Practice — TEACH, be tough, push them, make them work harder and more intense than ever before. Get the most out of them, but at the end, let them enjoy a game that will allow them to have fun and want to come back. WE WANT THE KIDS TO COME BACK TO THE NEXT PRACTICE

Games — BACK OFF — LET THEM PLAY. Please. Just be their support system. Whether they play well, or fail, they need you. They want their parents to tell them, “Great game” after they played well. They also want you to tell them, “Get them next time. Let’s forget about it and come back tomorrow with a good practice to work on it” after a bad game.

Kids need someone to turn to after a good game and a bad game. That has to be their biggest support system, mom and dad. Listen, all of the players who consistently work hard and try to get better every day will have an opportunity at baseball or softball at the next level, whatever that level may be.

Do you really want your kid to “get to the next level” if they hate it? 

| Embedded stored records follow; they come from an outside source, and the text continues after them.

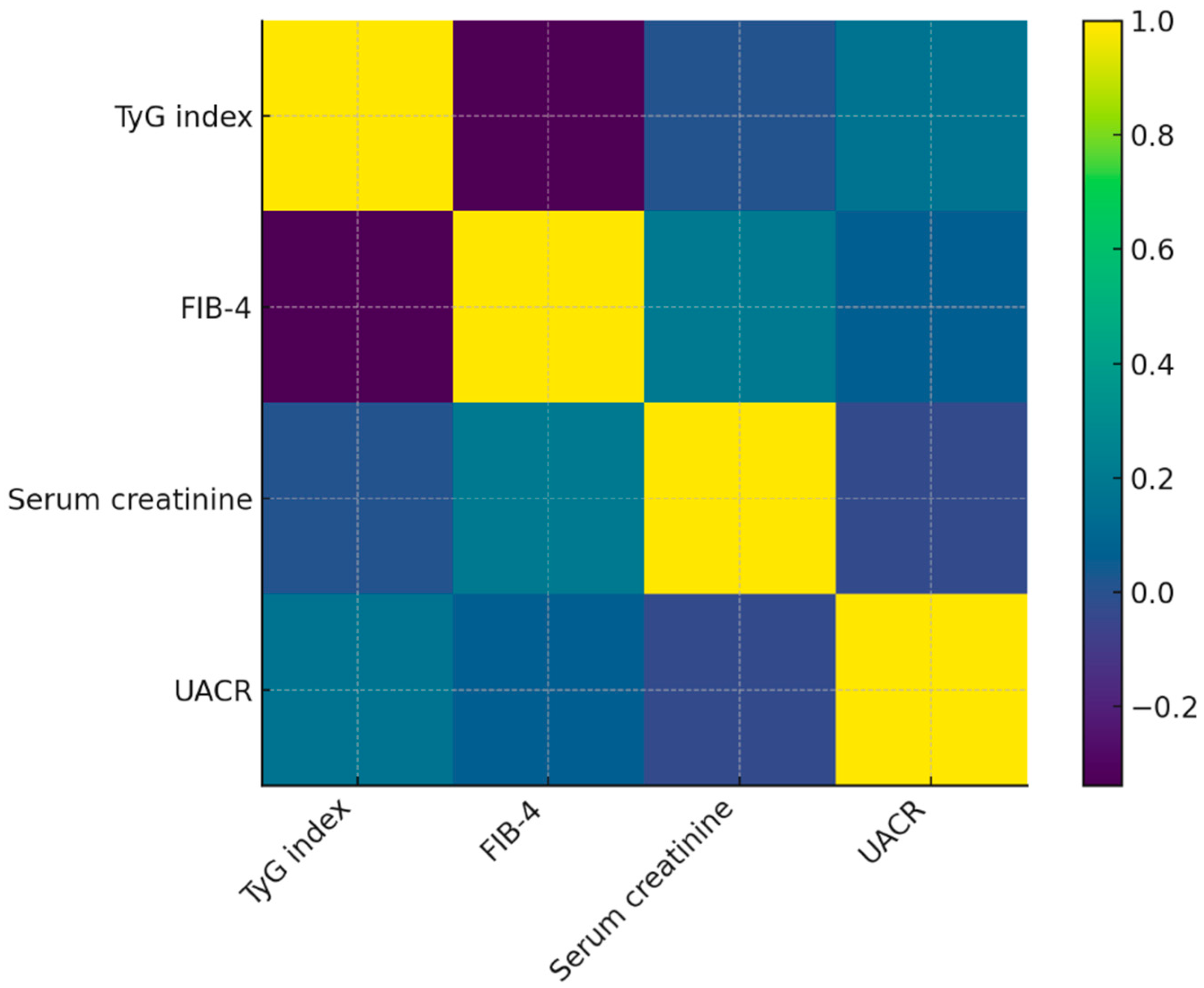 Interrelationships among metabolic, hepatic, and renal biomarkers (TyG index, FIB-4, creatinine, UACR, and Scor total where available) were evaluated using Spearman rank correlation coefficients. Results were visualized using a correlation heatmap generated with matplotlib.
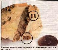 報導說,前不久在俄羅斯嘎盧戈州發現的石塊,經X射線分析,發現裏面含有8個類似繞線軸和螺栓的物體,而繞線軸和螺栓一般都是人工產物。根據科學家推測,石頭形成於古生代時期。按照達爾文的進化論,古生代時期在這個地球上還不存在人類。
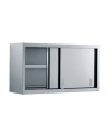 A GIORNO IN ACCIAO INOX AISI 430 Con ripiano intermedio regolabile CHIUSI IN ACCIAO INOX AISI 430 Con ripiano intermedio regolabile, FORATO nei modelli con scolapiatti, con porte SCORREVOLI Frontale con impugnatura incassata con controporta interna, scorrimento superiore con cuscinetti. Scorrimento inferiore con pattino in PVC su guide a doppio canale in PVC BATTENTI Frontale con impugnatura incassata, con controporta interna, chiusura con magneti e apertura a rotazione Esecuzione in acciaio Inox Scotch-Brite.Ripiano interno regolabile in altezza con pieghe salvamani. Porta battente insonorizzata. Completi di staffe per fissaggio a parete.
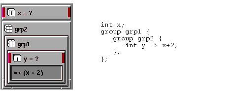 A group is used for an object that is a parameter to a module. It typically has primitive values and other groups as its subobjects. It is displayed in the Network Editor as a list. A typical group is the Field object:

I love the game, so much that I am trying to make a career out of it. Whether it’s a good day or a bad day, I love going to work. That’s worth everything in the world. I believe that I love the game because I always made sure I had fun playing it. Whether it was outside, inside, wiffle ball, tennis baseball, whatever; I just wanted to play. The passion came from fun, not pressure. Did I practice hard? Absolutely. Did I play hard? Yes. But more importantly, did I have fun? More than anyone else on the field. I believe that I love the game because it is a game and it’s meant to be a game. There’s a time and place to make it a job, not when you’re 10. Not even when you’re 17. If your child has the opportunity to play at the college or professional levels, that’s when their coaches, advisors and management can make it a job. By that time, they will have so much love for the game that they won’t care if it’s work.

Parents, do your kids a favor and teach them to love the game. Play with them in the back yard. I know you’re tired when you get home from work, but you have a little athlete that wants to play catch and hit in the back yard with you. Take them to the field and let them hit the ball around. Parenting an athlete is tough, I know. I watch parents bring their kids all over God’s creation every single day for their sports. It’s exhausting. I just think that they need mom and dad to play with them more. I think they need you guys to get outside and let them enjoy playing catch and playing little games with you in order to love the game even more.

Teaching your kid to love working hard is the toughest thing to do. If they love what they do, it’s never work.